First, I didn't get the sense that the authors were suggesting any kind of incapability; rather observing the failure to date in that arena.

As for a means to solve that problem, I think "sufficient motivation" is what can be found when, as suggested, environmental and aucipiciously non-environmental advocates find common ground.

The same kind of divisiveness ("My sub-issue is more important than your sub-issue") that's present within the environmental movement is also rampant within the larger progressive movement. And it's certainly not limited to the "far left". How much to we hear about in-fighting among Democrats? It seems incessant some days.

So, I just think it's important to recognize that while the number of environmental issues worthy of urgent redress seems to grow every day, we absolutely MUST find a way to tie them all together in order to build any kind of measurable political capital. And the points raised by the authors are a good jumping off point for some new dialog...

Lily said...

Well, it seems to me that as long as we are brought up in a "win-lose" culture where I exist at the expense of you, we will not have sufficient skills to find common ground if indeed they are there.

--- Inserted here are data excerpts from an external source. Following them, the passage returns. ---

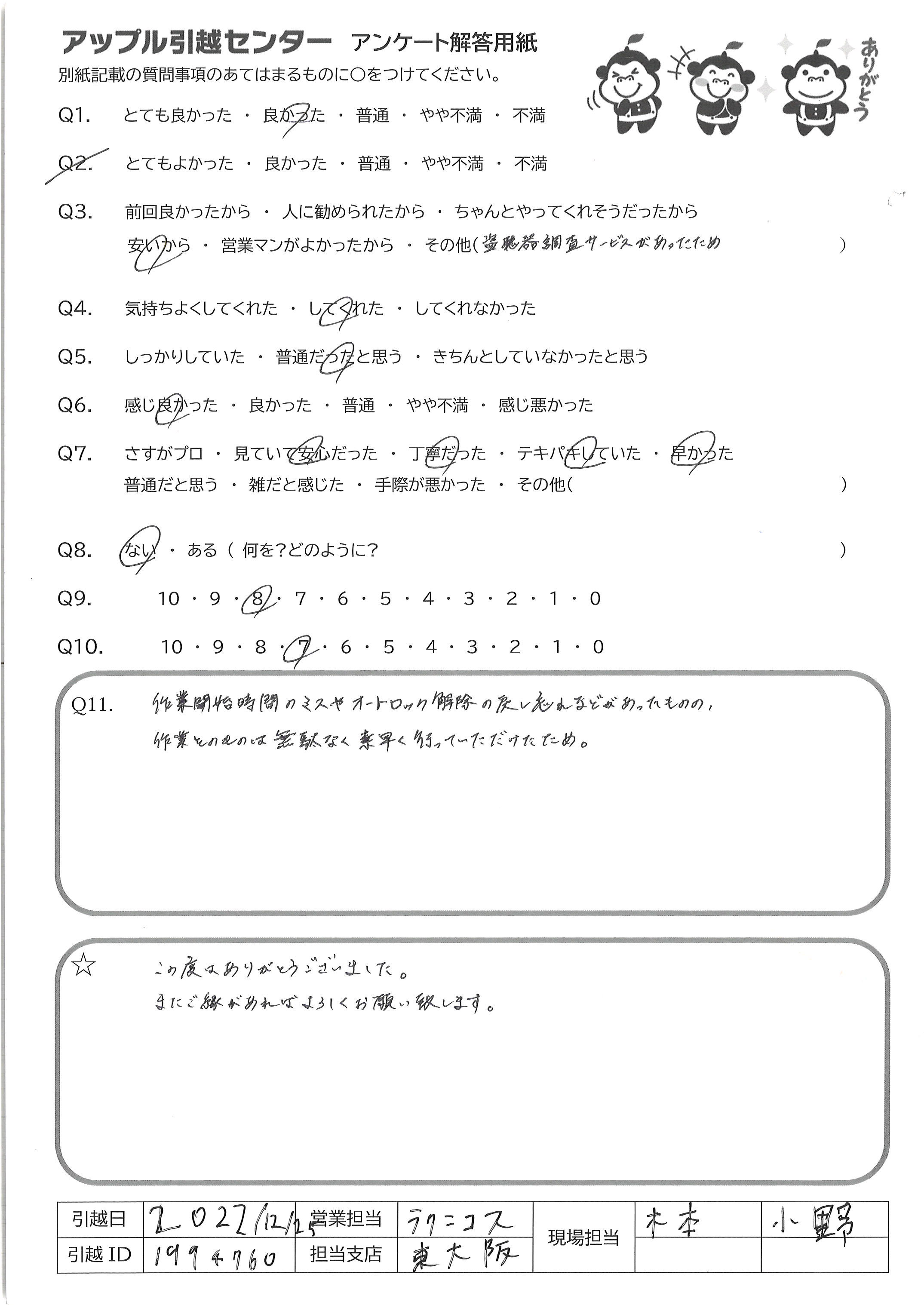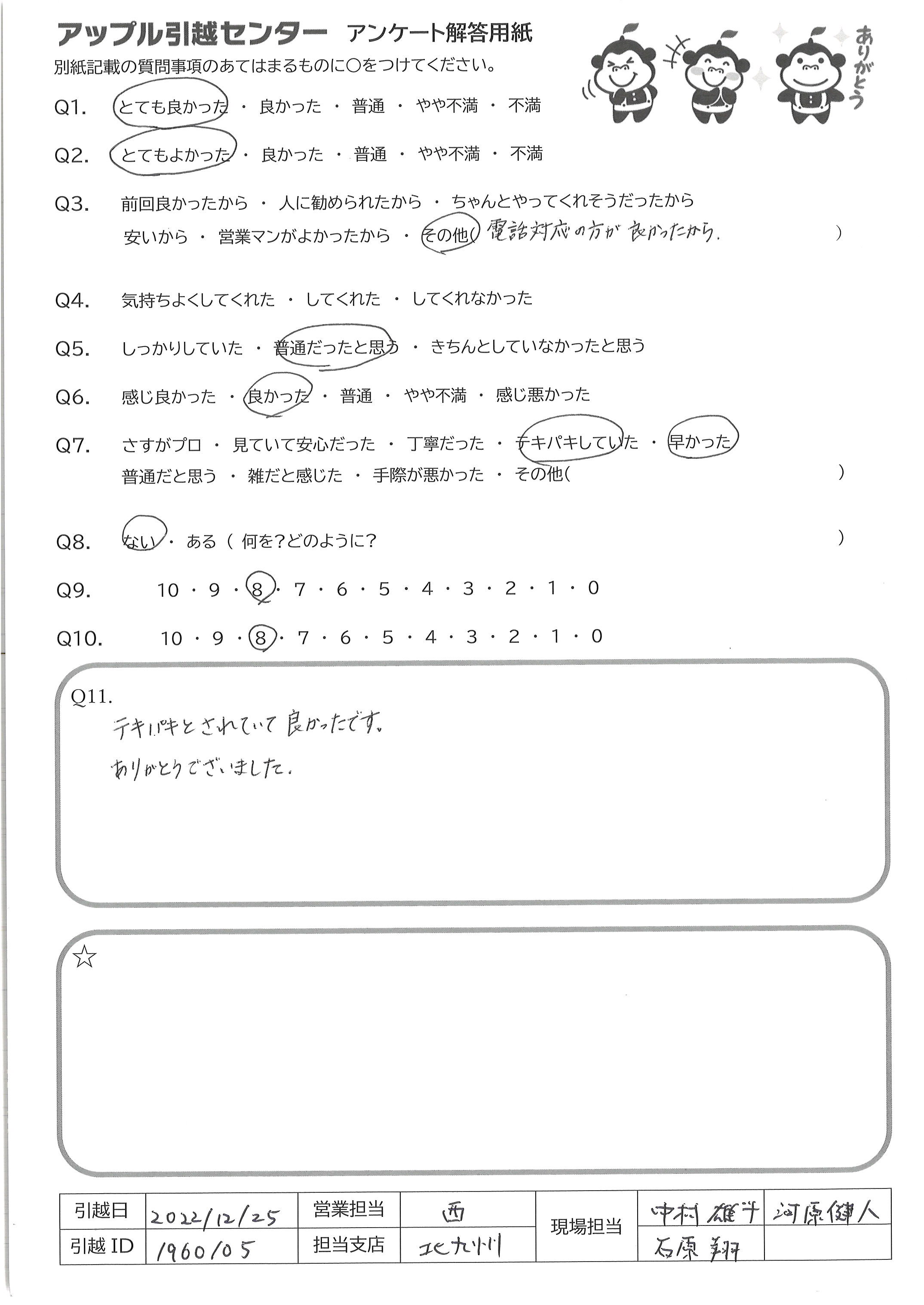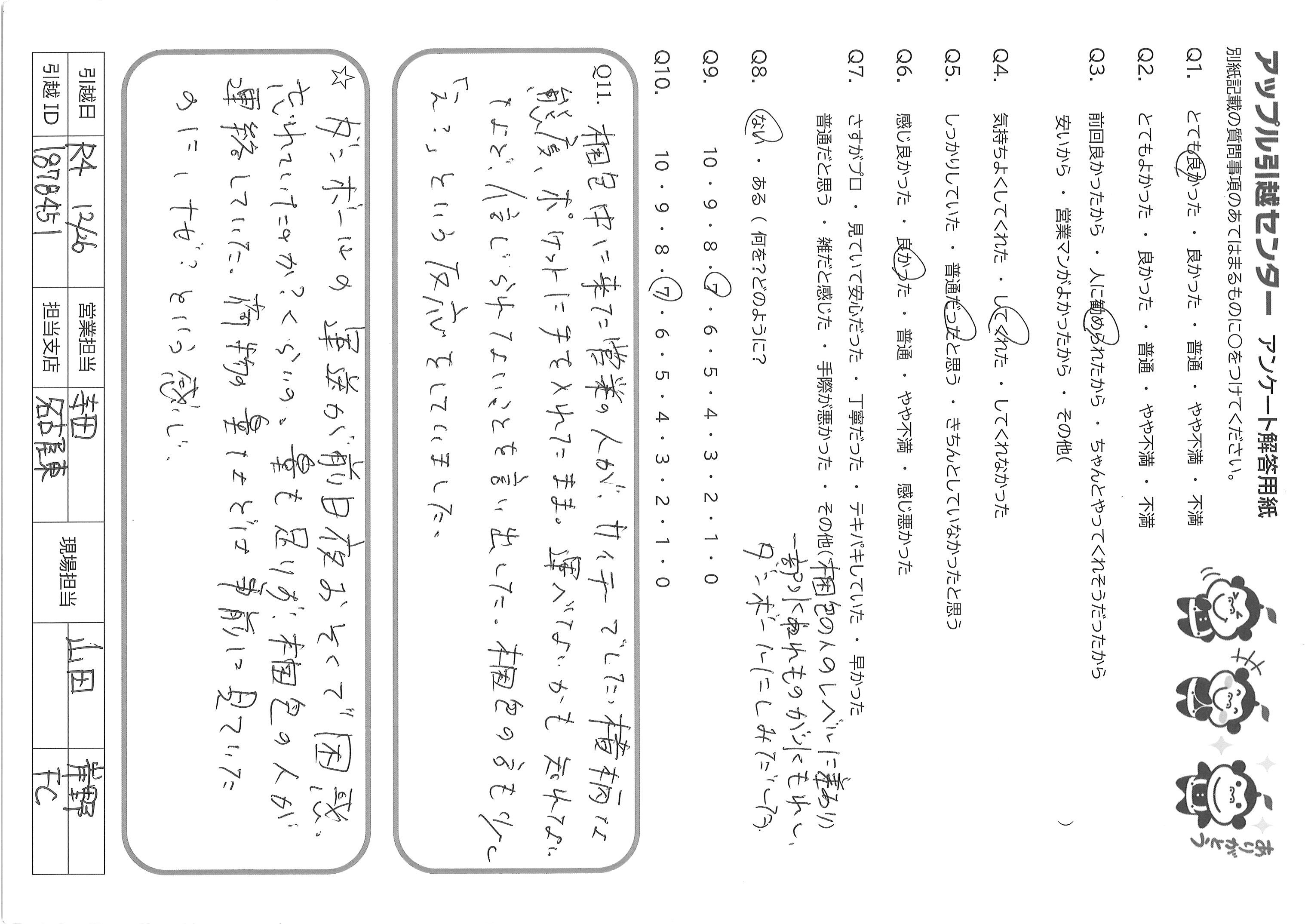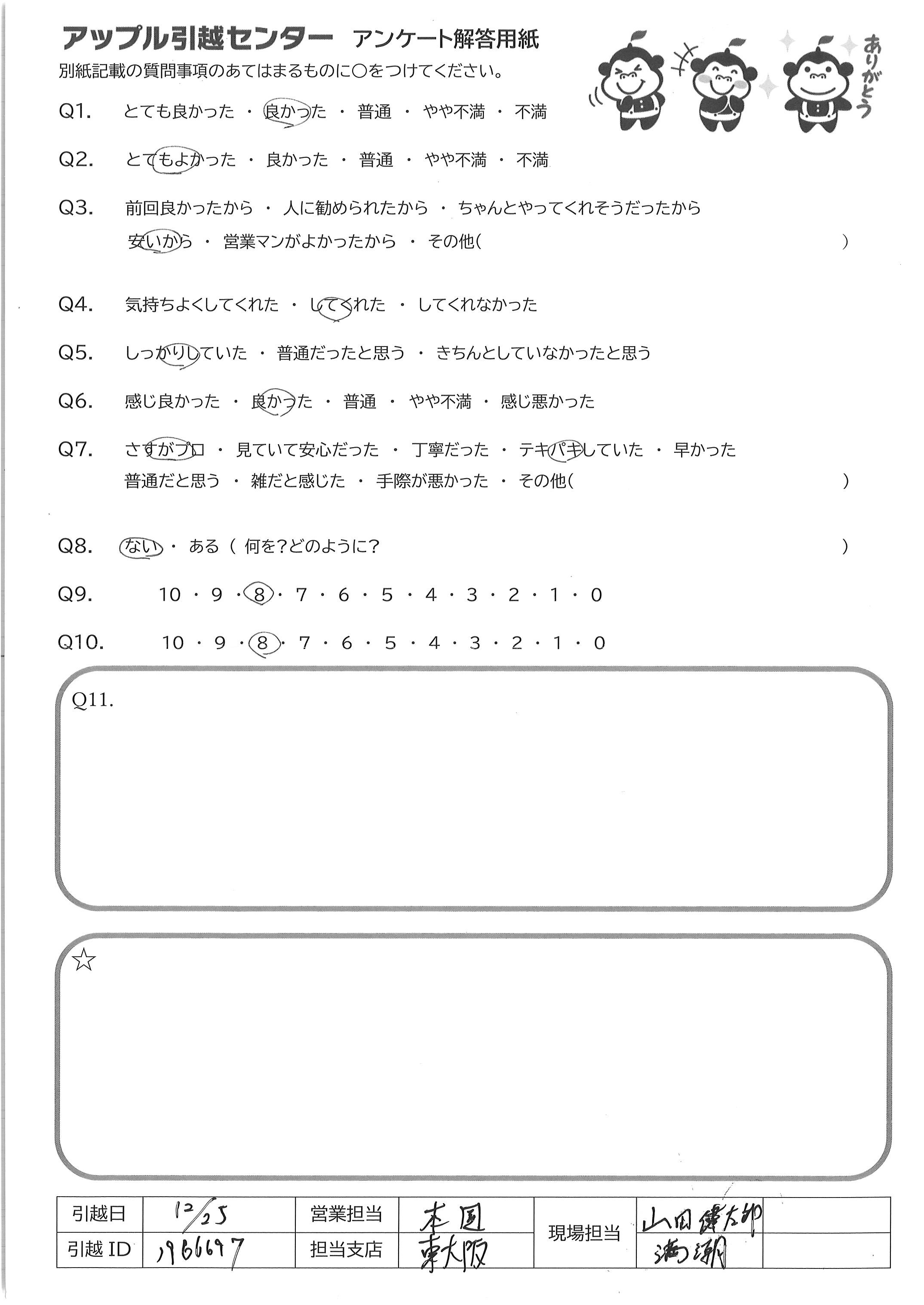 A.快適な引越にしてくださりありがとうございました
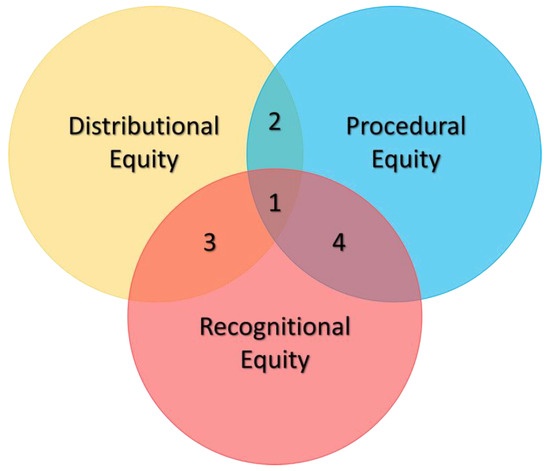 The research’s proposed framework for inclusive design strengthens the three social justice pillars listed in Meerow’s tripartite framework for social justice [2]. It became apparent that the prevalent conceptions of equity are often linked to a distributional orientation, with less emphasis on the recognitional and procedural aspects, when this framework was initially employed to analyze how much cities focus on equity. Here, the distinction between equity and equality is significant [21,22]. While equity refers to a fair conclusion that need not be equal, equality refers to equal measures regardless of the outcome. For instance, using health as an example, an equity approach would encourage measures such as green spaces, healthcare, and social work in underprivileged rather than privileged neighborhoods. In contrast, an equality approach would offer all neighborhoods the same number of measures [23]. An approach that includes equity and equality fosters wellbeing and builds social capital. This regenerates underserved communities and increases proprietary engagement within communities to improve the quality of life. Economic development promotes opportunities for fair distribution of capital, labor, and resources.
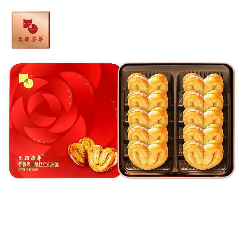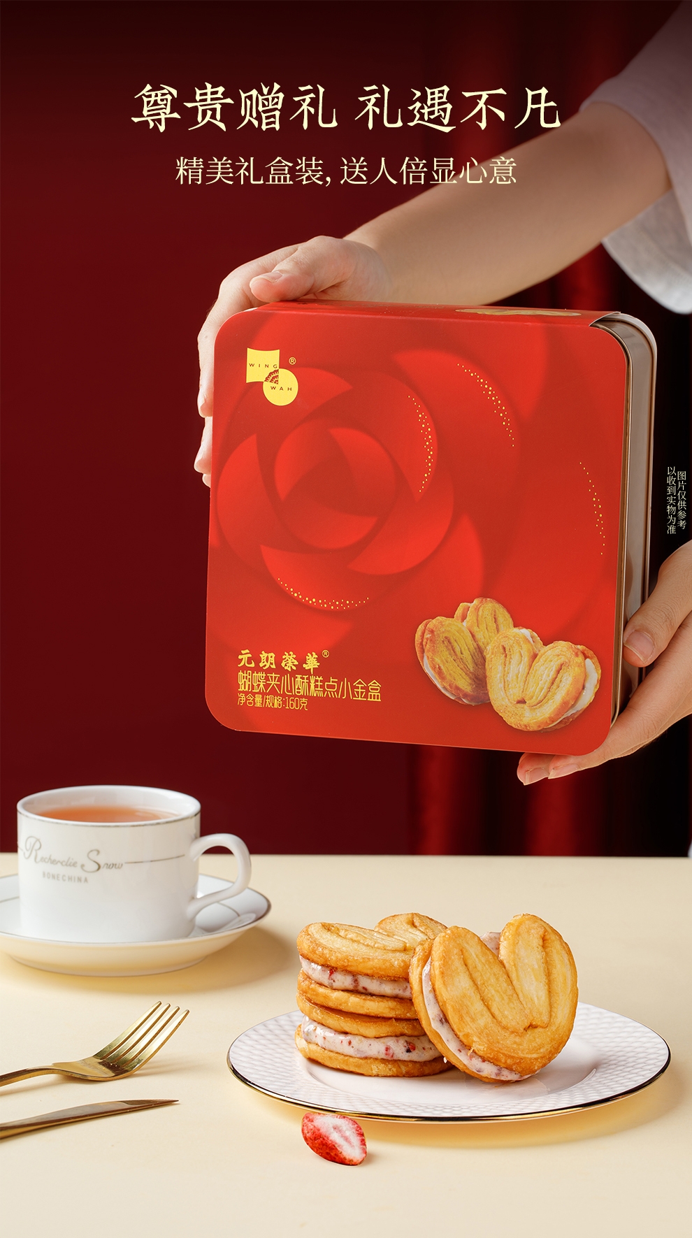 元朗荣华 蝴蝶夹心酥糕点小金盒160g

Often they are. In mediation and conflict resolution, which is all oddly applicable to these chats, there are two notions- what is the best alternative to losing, and what does everyone actually need. Like the argument over the oranges but one needs rinds, the other pulp- it is a matter of using certain skills to address getting a multitude of needs met at the same time. These are not skills reinforced by our culture-not in school, not in sports, not in the home. Americans are taught to look out for themselves, survivalism, grab what you can get and run. Money is overemphasized because in america it is the means toward prestige and power. Your degree doesn't count, your mind does not count-unless it makes you money!! That is how we qualify value.
Greens would say for example: create jobs with wind power industries, make profit for companies that own the turbines, decrease pollution and reliance on fossil fuels, and so on.... everyone gets a slice of what they want. It won't solve the dilemma of the almighty SUV society though- but CAFE standards would have helped. Better fuel efficiency decreases costs for business, costs for consumers- and both greens and soccer moms AND green soccer moms can be happier.